After filtering variants, the read depth is incorrect:
a) GATK version used: 4.5.0.0
b) Exact command used:
HaplotypeCaller on one sample (C419T_Matrigel)
export OMP_NUM_THREADS=4; gatk --java-options \"-Xmx14g -XX:ParallelGCThreads=4\" HaplotypeCaller -I BSQR.dir/C419T_Matrigel_sorted.bsqr.bam -R /data/genome/hg38ucsc/hg38_no_alt.fa -ERC GVCF -O /tmp/tmpogpvl_qf.vcf.gz 2> variants.dir/C419T_Matrigel.log && mv /tmp/tmpogpvl_qf.vcf.gz variants.dir/C419T_Matrigel.vcf.gz
I get the following (outputting only the relevant variant):
#CHROM POS ID REF ALT QUAL FILTER INFO FORMAT LH00129_122_22JJGMLT3_2_CGTAGTAA
chr1 94903018 . T TA,TAA,TAAA,TAAAA,<NON_REF> 1145.60 . BaseQRankSum=-0.382;DP=106;ExcessHet=0.0000;MLEAC=0,0,1,0,0;MLEAF=0.00,0.00,0.500,0.00,0.00;MQRankSum=0.000;RAW_MQandDP=381600,106;ReadPosRankSum=0.303 GT:AD:DP:GQ:PL:SB 0/3:34,16,14,26,6,0:96:99:1153,565,1158,287,766,1244,0,426,842,1378,571,915,1240,1423,2153,859,1230,1429,1356,1879,2040:22,12,47,15
I am not entirely sure how to interpret this line, but I think that the depth is 106 (DP=106).
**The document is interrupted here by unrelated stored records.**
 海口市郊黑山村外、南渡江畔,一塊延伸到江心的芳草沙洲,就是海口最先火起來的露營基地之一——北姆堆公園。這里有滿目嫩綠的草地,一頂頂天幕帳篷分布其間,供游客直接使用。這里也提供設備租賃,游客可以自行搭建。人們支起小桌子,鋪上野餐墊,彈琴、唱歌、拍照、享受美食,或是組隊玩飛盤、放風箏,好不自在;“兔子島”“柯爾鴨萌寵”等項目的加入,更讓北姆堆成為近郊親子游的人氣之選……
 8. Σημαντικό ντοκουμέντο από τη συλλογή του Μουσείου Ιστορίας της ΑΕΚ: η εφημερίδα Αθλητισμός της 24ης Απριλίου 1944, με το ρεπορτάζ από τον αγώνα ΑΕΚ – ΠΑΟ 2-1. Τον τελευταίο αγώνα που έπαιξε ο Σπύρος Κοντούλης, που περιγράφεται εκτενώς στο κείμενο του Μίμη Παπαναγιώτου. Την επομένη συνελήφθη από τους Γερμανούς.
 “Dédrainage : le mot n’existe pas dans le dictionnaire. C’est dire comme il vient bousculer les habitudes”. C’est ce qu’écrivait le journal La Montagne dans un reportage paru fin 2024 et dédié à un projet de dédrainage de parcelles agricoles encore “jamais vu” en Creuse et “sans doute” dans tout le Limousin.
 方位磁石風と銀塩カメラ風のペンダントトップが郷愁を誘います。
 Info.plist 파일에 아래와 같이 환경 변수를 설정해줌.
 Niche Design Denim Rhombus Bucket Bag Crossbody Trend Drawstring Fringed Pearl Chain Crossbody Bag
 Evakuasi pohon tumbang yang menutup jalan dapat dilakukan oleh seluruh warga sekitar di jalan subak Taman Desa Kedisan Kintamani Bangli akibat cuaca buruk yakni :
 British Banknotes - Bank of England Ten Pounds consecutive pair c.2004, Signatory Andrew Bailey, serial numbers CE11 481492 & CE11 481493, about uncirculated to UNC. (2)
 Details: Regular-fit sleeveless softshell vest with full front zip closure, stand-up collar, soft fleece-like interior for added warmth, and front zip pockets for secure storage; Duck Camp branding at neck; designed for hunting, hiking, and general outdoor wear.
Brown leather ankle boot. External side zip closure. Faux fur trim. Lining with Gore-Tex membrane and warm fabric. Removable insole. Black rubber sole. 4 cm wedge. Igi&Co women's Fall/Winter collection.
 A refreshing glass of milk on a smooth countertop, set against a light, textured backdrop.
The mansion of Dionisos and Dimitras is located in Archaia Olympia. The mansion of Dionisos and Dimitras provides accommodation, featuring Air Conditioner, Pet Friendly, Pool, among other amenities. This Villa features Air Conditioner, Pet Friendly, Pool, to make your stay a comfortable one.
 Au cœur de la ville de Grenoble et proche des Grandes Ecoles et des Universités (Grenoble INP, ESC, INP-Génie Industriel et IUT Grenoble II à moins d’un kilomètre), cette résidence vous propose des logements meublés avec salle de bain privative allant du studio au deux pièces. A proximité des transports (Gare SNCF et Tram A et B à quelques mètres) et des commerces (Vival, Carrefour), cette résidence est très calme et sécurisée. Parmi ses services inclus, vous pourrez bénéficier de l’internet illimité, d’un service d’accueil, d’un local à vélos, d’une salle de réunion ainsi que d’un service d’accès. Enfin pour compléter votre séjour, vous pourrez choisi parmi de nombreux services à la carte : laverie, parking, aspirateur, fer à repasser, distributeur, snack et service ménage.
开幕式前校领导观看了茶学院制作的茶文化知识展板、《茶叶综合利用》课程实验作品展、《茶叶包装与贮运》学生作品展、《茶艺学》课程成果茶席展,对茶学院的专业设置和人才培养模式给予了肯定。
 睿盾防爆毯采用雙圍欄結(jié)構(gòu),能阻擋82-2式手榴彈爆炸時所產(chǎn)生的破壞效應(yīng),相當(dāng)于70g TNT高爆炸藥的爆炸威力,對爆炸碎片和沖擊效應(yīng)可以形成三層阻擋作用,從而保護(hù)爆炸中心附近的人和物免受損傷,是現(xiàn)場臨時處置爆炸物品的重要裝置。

CombineGVCFs with other samples
export OMP_NUM_THREADS=8; gatk --java-options \"-Xmx30g -XX:ParallelGCThreads=8\" CombineGVCFs -R /data/genome/hg38ucsc/hg38_no_alt.fa -V variants.dir/C419T_Matrigel.vcf.gz -V variant_sample2.vcf.gz -V variant_sample3.vcf.gz -O /tmp/tmp48ygy3gg.vcf.gz 2> variants.dir/mergedSamples.log && mv /tmp/tmp48ygy3gg.vcf.gz variants.dir/mergedSamples.vcf.gz
I get the following result for that variant and sample in this file:
#CHROM POS ID REF ALT QUAL FILTER INFO FORMAT LH00129_122_22JJGMLT3_2_CGTAGTAA
chr1 94903018 . TAAAA TAAA,TAAAAA,TAAAAAA,T,TA,TAA,TAAAAAAA,TAAAAAAAA,<NON_REF> .. BaseQRankSum=0.720;DP=2381;ExcessHet=0.00;MQRankSum=0.00;RAW_MQandDP=8130676,2260;ReadPosRankSum=0.298 GT:AD:DP:GQ:MIN_DP:PGT:PID:PL:PS:SB ./.:34,0,16,14,0,0,0,26,6,0:96:99:.:.:.:1153,859,2040,565,1230,1158,287,1429,766,1244,859,2040,1230,1429,2040,859,2040,1230,1429,2040,2040,859,2040,1230,1429,2040,2040,2040,0,1356,426,842,1356,1356,1356,1378,571,1879,915,1240,1879,1879,1879,1423,2153,859,2040,1230,1429,2040,2040,2040,1356,1879,2040:.:22,12,47,15
I am already seeing here the REF allele: TAAAA, the alternative (8 assuming <NON_REF> doesn't mean anything): TAAA,TAAAAA,TAAAAAA,T,TA,TAA,TAAAAAAA,TAAAAAAAA,<NON_REF>
So 9 total alleles, but I see 10 numbers, then ":" and what I am assuming is the total: 96:
34,0,16,14,0,0,0,26,6,0:96
Which, if I am assuming correctly, the sum is correct: 34 + 0 + 16 + 14 + 0 + 0 + 0 + 26 + 6 = 96.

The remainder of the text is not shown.